Open datumbox opened 2 years ago
Hmm, can it be that nvjpeg from 11.6 returns garbage?
@malfet I don't think it is related to nvjpeg. The data loaded to the model are random tensors with fixed seed so there is no IO op in this test. I wonder if something in CUDA 11.6 could be affecting one of the kernels of Core?
Can you get a kineto trace of the kernels run during the test with 11.3 and 11.6? Then we can compare them and see what changes. @malfet the cudnn version is the same for 11.3 and 11.6 builds?

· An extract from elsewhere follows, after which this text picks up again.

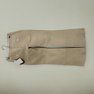 Newport News genuine leather beige Bootcut pants pockets zip button entry women's size 4. NWT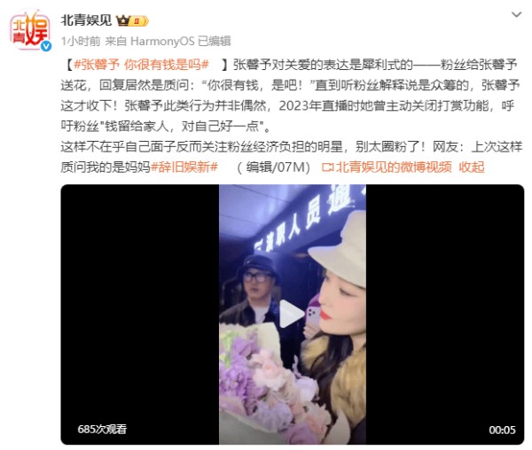 张馨予的关心向来直白又犀利——有粉丝给她送花,她当场直言反问:“你很有钱是吧!”直到得知鲜花是大家一起众筹买来的,她才暖心收下。其实这并非个例,早在2023年直播时,她就主动关掉打赏功能,劝粉丝把钱花在家人和自己身上。

@ngimel they should be the same, lets see if I can reproduce this failure using nightly builds of torch and vision
Ok, I did a little bit of digging:
(c:\Users\circleci\project\env) C:\Users\circleci>python -c "import torch;print(torch.__version__, torch.version.cuda, torch.backends.cudnn.version())"
1.13.0.dev20220915+cu116 11.6 8302
(c:\Users\circleci\project\env) C:\Users\circleci>python -c "import torch;print(torch.version, torch.version.cuda, torch.backends.cudnn.version())" 1.13.0.dev20220914+cu113 11.3 8302
But the test itself is skipped, when running on CUDA-11.3 windows, from [here](https://app.circleci.com/pipelines/github/pytorch/vision/20135/workflows/4bd14931-962b-4344-a465-f74ffe7b51e8/jobs/1636941/steps):
++ echo CUDA_VERSION is 11.3 ... test/test_models.py::test_detection_model[cuda-fasterrcnn_resnet50_fpn] SKIPPED [ 79%] test/test_models.py::test_detection_model[cuda-fasterrcnn_resnet50_fpn_v2] SKIPPED [ 79%]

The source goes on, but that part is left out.